Red-team hardening: F to C in three iterations¶
The ecological results tell one story; adversarial stress testing tells another. We ran all 8 attacks from the SWARM attack library against the governed Tierra config and iteratively hardened it.
v1: Circuit breaker + collusion detection + tax + reputation decay¶
The initial governed config scored 0.54 (F). Only 3 of 8 attacks were prevented, with 311.5 total damage. Two vulnerabilities flagged:
- CRITICAL: Sybil Attack succeeded with 80 damage — no identity verification meant fake agents operated freely
- HIGH: Reputation Farming succeeded with 37 damage — no audits meant trust-then-exploit went undetected
v2: + sybil detection + random audits¶
Enabling sybil detection (behavioral clustering) and random audits (10% rate) jumped the score to 0.69 (D). The Sybil Attack — previously the most damaging vector — was suppressed. Reputation Farming became the least effective attack. Both vulnerabilities cleared.
v3: + staking¶
Adding staking (10.0 stake requirement) pushed the score to 0.70 (C). Staking creates a skin-in-the-game barrier that directly counters resource extraction attacks.
| Version | Levers added | Score | Grade | Prevented | Damage |
|---|---|---|---|---|---|
| v1 | CB, collusion, tax, rep decay | 0.54 | F | 3/8 | 311.5 |
| v2 | + sybil detection, audits | 0.69 | D | 5/8 | 228.9 |
| v3 | + staking | 0.70 | C | 5/8 | 206.0 |
The pattern is clear: defense-in-depth works. Each lever covers a different attack family. No single lever is sufficient, but layering 6 complementary mechanisms reduced total damage by 34% and eliminated all flagged vulnerabilities.

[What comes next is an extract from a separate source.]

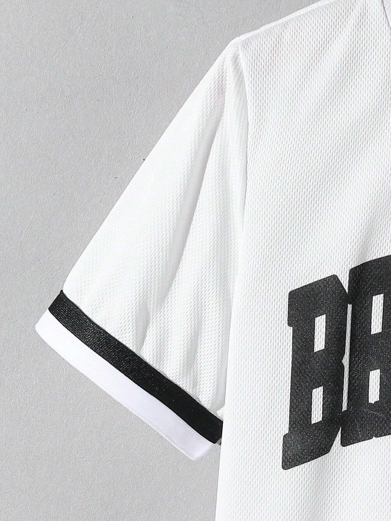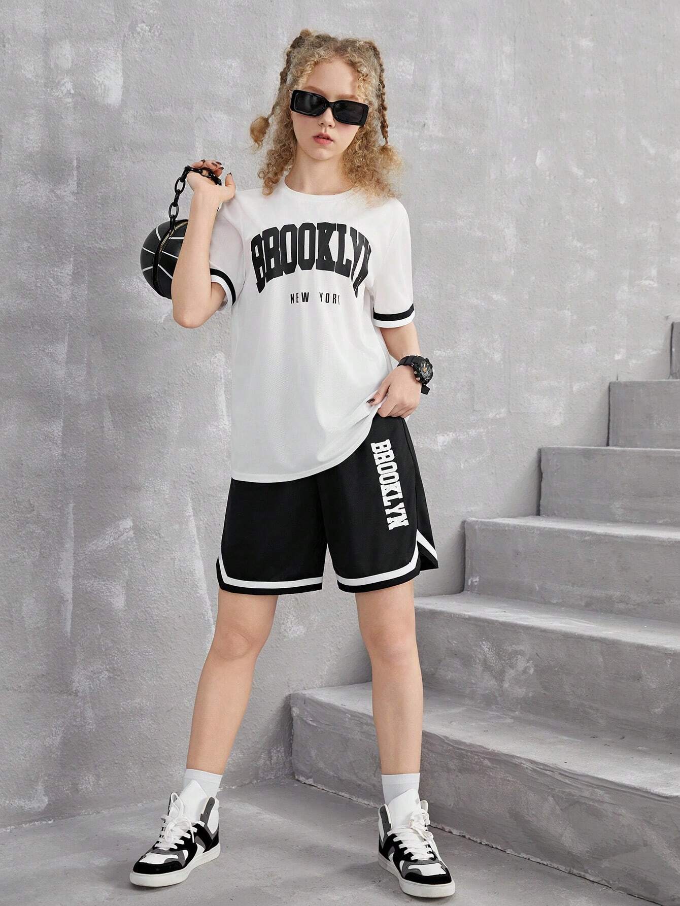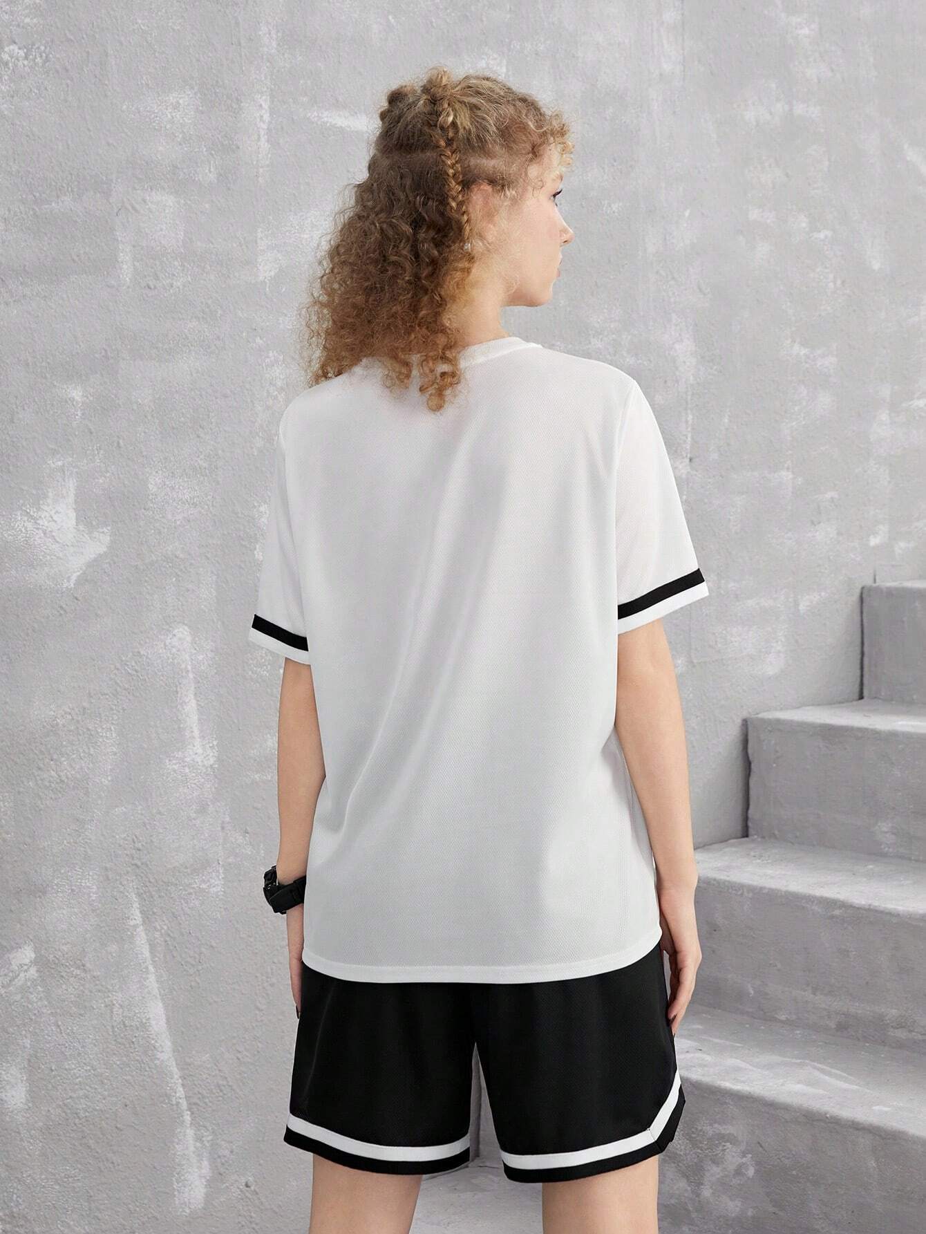 SHEIN Teen Girl Casual 2pcs/Set – Letter Printed Short Sleeve T-Shirt With Patchwork Striped Waistband And Pocket Shorts

The remaining 3 successful attacks (Resource Drain, Timing Attack, Governance Gaming) succeed at reduced damage levels. Pushing beyond C grade likely requires adaptive governance — automatically tuning thresholds based on observed attack patterns rather than static configuration.
What's next¶
- Adaptive governance: Wire the governed variant into the adaptive governance controller so levers auto-tune based on observed attack patterns, diversity, and toxicity.
- Environmental perturbation: Add resource shocks or niche specialization to create conditions where speciation can emerge, then measure whether the diversity-preserving reaper actually prevents species extinction.
- Longer horizons: Run 200+ epochs to test whether the diversity advantage compounds or plateaus.
Disclaimer: This post uses financial market concepts as analogies for AI safety research. Nothing here constitutes financial advice, investment recommendations, or endorsement of any trading strategy.